This page is a companion to the Talisman: Environment template, which showcases the best practices for creating highly detailed, realistic environments. The Talisman is created using modular construction and optimization best practices in Unreal Editor for Fortnite (UEFN).
You can find the template in the Feature Examples section of the Project Browser.
You can play the Talisman experience shown during the 2024 Game Developers Conference by opening Fortnite and entering island code 7100-3544-3074.
Location of the Talisman: Environment template in the Project Browser.
This overview walks you through the optimization challenges faced during the creation of the Talisman project and how each challenge was overcome:
Because the template is designed to run on all available platforms, the assets and style of the Talisman has to conform to UEFN’s memory and project size limit requirements. This creates several challenges for projects designed with a more detailed art style:
Project size: High-detail assets in games can be large and UEFN has a 400 MB project size limitation.
Runtime memory limits: UEFN has a 100,000 memory unit streaming memory restriction that limits the amount of assets, custom landscapes, and devices that can be on the screen at one time.
Quality on all supported platforms: These limits ensure that your UEFN experience is available to all players on all Fortnite-supported platforms.
UEFN supports a variety of techniques to meet these requirements, including Levels of Detail(LODs), Hierarchical Levels of Detail (HLODs), World Partition, Level Instancing, and Data Layers.
Applying Best Practices
The Talisman: Environment template is designed to showcase a variety of best practices and processes to bring AAA realism to Unreal Editor for Fortnite. This template uses the following best practices to manage project and streaming memory to optimize performance:
Create custom content that is modular and lightweight.

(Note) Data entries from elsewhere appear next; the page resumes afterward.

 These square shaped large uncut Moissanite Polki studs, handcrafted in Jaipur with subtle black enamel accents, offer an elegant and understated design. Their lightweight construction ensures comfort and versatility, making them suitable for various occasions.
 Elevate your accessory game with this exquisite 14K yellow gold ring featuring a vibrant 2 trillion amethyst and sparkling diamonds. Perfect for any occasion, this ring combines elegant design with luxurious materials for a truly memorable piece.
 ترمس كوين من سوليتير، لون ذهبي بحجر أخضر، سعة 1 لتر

Improve the look of hard surface geometry using face weighted normals.
Add detail to meshes using Mesh Decals.
Build your experience for the lowest end target platform and add features from there.
Minimize draw calls on non-Nanite meshes.
Create Custom Content that is Modular and Lightweight
The Talisman environment was built using kitbashing, a modular modeling technique that uses preexisting meshes from a modular environment and repurposing them to create new assets. By reusing assets, the artists were able to decrease the project size by minimizing the number of single use meshes.
This asset is made of six different static meshes.
Traditionally, artists create this type of environment by mapping a high detail, high polygon mesh onto a low polygon mesh using unique baked normal maps to preserve the detail between the two. This method requires additional texture maps that can increase the size of your project, are expensive at runtime, and do not scale well during the kitbashing process.
Mid-poly meshes with face weighted normals were used to save memory, and Mesh Decals were used to add small details.
For more information, see Mesh Design and Construction.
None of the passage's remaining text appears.